И тогда случилось то, что случилось. Один из расстрельной команды, когда все уже подняли карабины, бросив свой, быстро перешел на другую сторону и встал рядом с ним.
– Ich heisse Johann Engel, ich bin aus Wuppertal[79].
– Меня зовут Юлий Брук, я из Ленинграда, – они крепко взялись за руки.
Это рукопожатие придало Юлику спокойную уверенность в своих силах. Он закрыл глаза, поднял голову и увидел над собою небо.
«НАБЕРЕЖНАЯ НЕИСЦЕЛИМЫХ»Там в грязи и вони, на простынях, не сменяемых по несколько агоний кряду, лежали человеческие особи на последней стадии своего существования, или, как говорят еще, при последнем издыхании. Врачиха сюда заходила за одним-единственным: коснувшись безжизненного запястья и приподняв веко – глазное яблоко из-под которого глядело на нее, как с прилавка, – констатировать смерть. «Ее, сердешную» – после чего нянечка шла в соседнюю палату: «Робяты, помогите». И двое ходячих больных спускали папашку в морг.
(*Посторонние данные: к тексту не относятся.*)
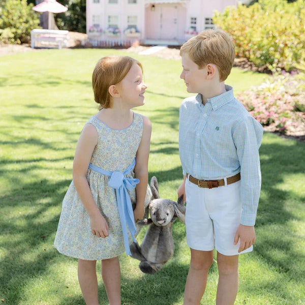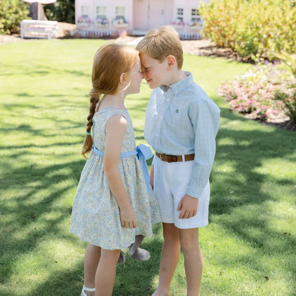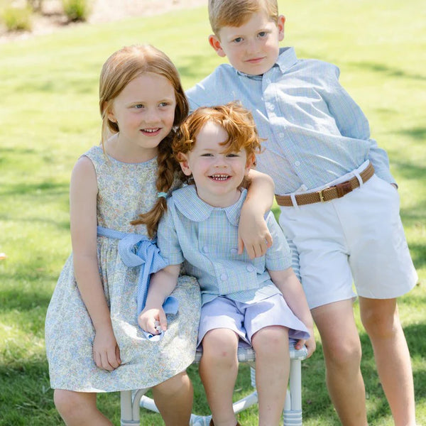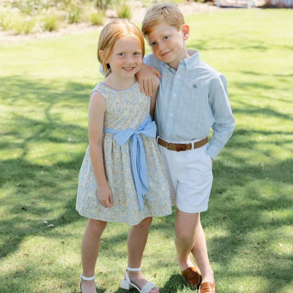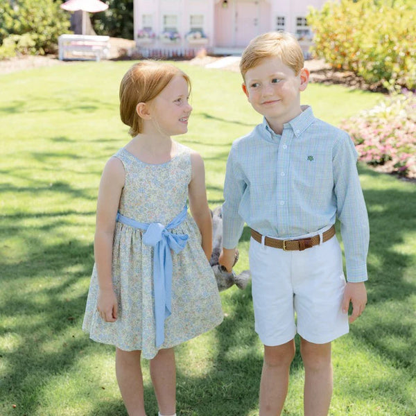 Dress up your dapper young man in this classic windowpane shirt. Featuring a timeless plaid that fits any style, this comfortable shirt is perfect for casual outings and family events. We love the elegant buttons on the cuffs and collar.

Их так и звали: «папашки». «Ночью три папашки окочурились». Или: «Папашку привезли, слышь, робят? Втащите, сухонькой». «Папашки» уже ничего не соображают. Им все равно, что в палате царили условия средневекового госпиталя – за вычетом того, что держало средневековье в состоянии вертикали: фанатической веры в спасение и всеобщей воли спастись, слагающейся из тысяч и тысяч отдельных воль.
Дядя Ваня… Кто еще помнил, что его, колченого костюмера и бедного рыцаря всех бабочек, когда-то так звали? Кто еще вспоминал сгоревшую дотла не то в восемнадцатом, не то в девятнадцатом году храмину, с ее золотой – первой гильдии – лепниной, с ее квазиваснецовским патриотическим плафоном и со всем ее машинным отделением интриг, сплетен, апокрифов, вблизи видевшихся столь значительными, что едва не затмевали события всемирной истории. («Но это же катастрофа!» – воскликнул Вас. Вас. Гиацинтов, когда в ноябре семнадцатого «Яхт-клуб» на Малой Морской, членом которого он состоял больше сорока лет, прекратил свое существование.)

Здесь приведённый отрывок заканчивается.